━━ Input material ━━
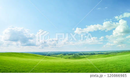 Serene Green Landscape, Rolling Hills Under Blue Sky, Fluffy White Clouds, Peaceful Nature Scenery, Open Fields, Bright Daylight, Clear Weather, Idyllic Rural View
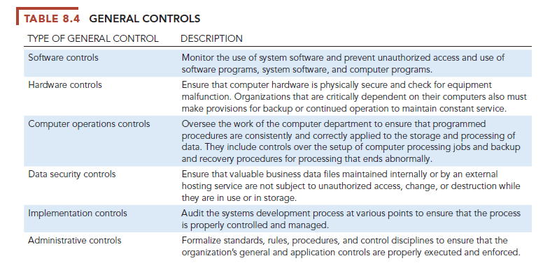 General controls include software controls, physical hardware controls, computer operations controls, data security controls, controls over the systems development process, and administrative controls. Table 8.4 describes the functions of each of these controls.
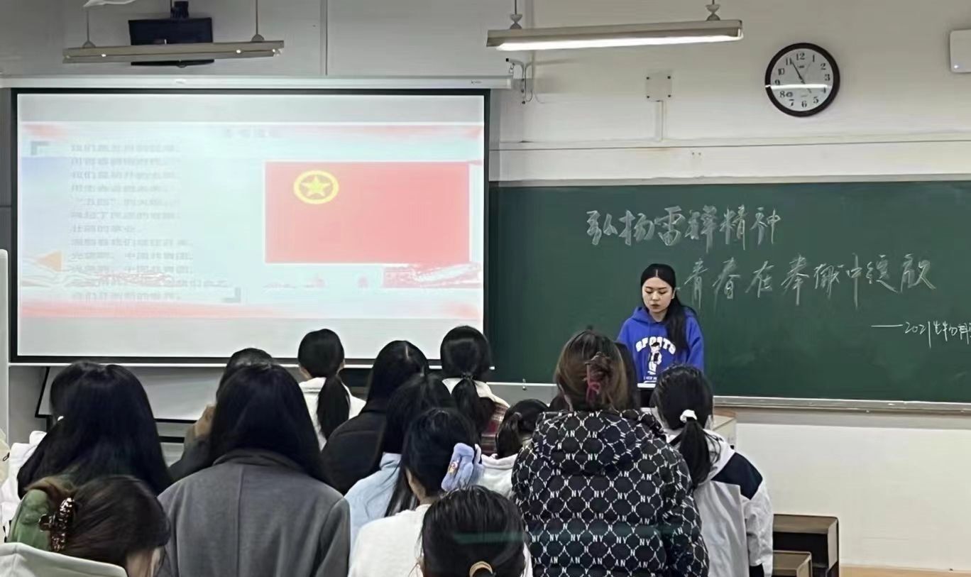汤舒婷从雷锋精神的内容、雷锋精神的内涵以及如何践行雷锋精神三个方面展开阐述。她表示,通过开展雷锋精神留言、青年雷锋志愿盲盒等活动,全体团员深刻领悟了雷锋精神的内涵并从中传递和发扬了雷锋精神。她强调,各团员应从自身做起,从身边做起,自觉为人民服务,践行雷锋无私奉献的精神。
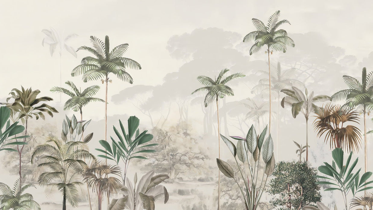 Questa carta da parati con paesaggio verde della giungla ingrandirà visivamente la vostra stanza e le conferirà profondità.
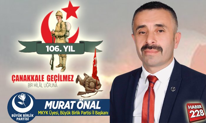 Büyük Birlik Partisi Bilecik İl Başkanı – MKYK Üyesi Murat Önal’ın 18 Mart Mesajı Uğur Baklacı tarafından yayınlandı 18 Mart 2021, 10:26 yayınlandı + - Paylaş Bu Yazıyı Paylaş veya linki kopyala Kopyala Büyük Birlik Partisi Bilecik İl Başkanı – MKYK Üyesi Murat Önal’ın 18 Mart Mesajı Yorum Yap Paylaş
━━━
━━ Input material ━━
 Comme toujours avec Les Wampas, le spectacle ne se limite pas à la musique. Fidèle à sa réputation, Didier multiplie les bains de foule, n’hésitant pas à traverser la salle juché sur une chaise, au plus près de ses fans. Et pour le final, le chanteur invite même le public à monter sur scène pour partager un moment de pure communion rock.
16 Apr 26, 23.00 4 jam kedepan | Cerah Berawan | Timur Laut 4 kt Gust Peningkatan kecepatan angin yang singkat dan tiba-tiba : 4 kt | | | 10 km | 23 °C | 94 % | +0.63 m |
━━━
━━ Input material ━━
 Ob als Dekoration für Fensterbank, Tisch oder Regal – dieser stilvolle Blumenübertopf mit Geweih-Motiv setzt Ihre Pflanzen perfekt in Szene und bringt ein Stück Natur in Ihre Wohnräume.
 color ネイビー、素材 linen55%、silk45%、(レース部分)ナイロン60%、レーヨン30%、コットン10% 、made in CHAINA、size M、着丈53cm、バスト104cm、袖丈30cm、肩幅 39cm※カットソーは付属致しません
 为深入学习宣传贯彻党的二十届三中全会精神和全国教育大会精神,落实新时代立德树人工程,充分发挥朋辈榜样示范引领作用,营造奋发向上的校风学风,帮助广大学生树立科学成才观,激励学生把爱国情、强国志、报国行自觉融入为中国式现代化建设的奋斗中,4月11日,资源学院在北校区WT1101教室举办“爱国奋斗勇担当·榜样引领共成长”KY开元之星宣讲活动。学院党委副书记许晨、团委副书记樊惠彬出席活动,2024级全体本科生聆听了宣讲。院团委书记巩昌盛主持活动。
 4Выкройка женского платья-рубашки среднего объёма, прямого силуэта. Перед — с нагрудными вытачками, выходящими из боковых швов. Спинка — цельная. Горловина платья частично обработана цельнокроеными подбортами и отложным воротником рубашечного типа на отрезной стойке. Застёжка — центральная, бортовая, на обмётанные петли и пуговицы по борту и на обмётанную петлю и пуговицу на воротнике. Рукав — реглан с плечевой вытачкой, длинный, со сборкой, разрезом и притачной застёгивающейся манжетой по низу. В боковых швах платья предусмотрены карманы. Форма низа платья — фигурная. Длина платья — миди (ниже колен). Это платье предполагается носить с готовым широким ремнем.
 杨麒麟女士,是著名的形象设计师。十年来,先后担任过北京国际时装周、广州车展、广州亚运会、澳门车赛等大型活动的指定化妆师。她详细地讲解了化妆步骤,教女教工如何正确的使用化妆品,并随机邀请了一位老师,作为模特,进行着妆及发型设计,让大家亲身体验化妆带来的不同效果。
━━━
» Exercise requirements
Reproduce exactly the lines above starting at the line containing "General controls include" and ending at the line containing "汤舒婷从雷锋精神的内容、雷锋", including both, but not the pictures.

» Worked solution
 General controls include software controls, physical hardware controls, computer operations controls, data security controls, controls over the systems development process, and administrative controls. Table 8.4 describes the functions of each of these controls.
汤舒婷从雷锋精神的内容、雷锋精神的内涵以及如何践行雷锋精神三个方面展开阐述。她表示,通过开展雷锋精神留言、青年雷锋志愿盲盒等活动,全体团员深刻领悟了雷锋精神的内涵并从中传递和发扬了雷锋精神。她强调,各团员应从自身做起,从身边做起,自觉为人民服务,践行雷锋无私奉献的精神。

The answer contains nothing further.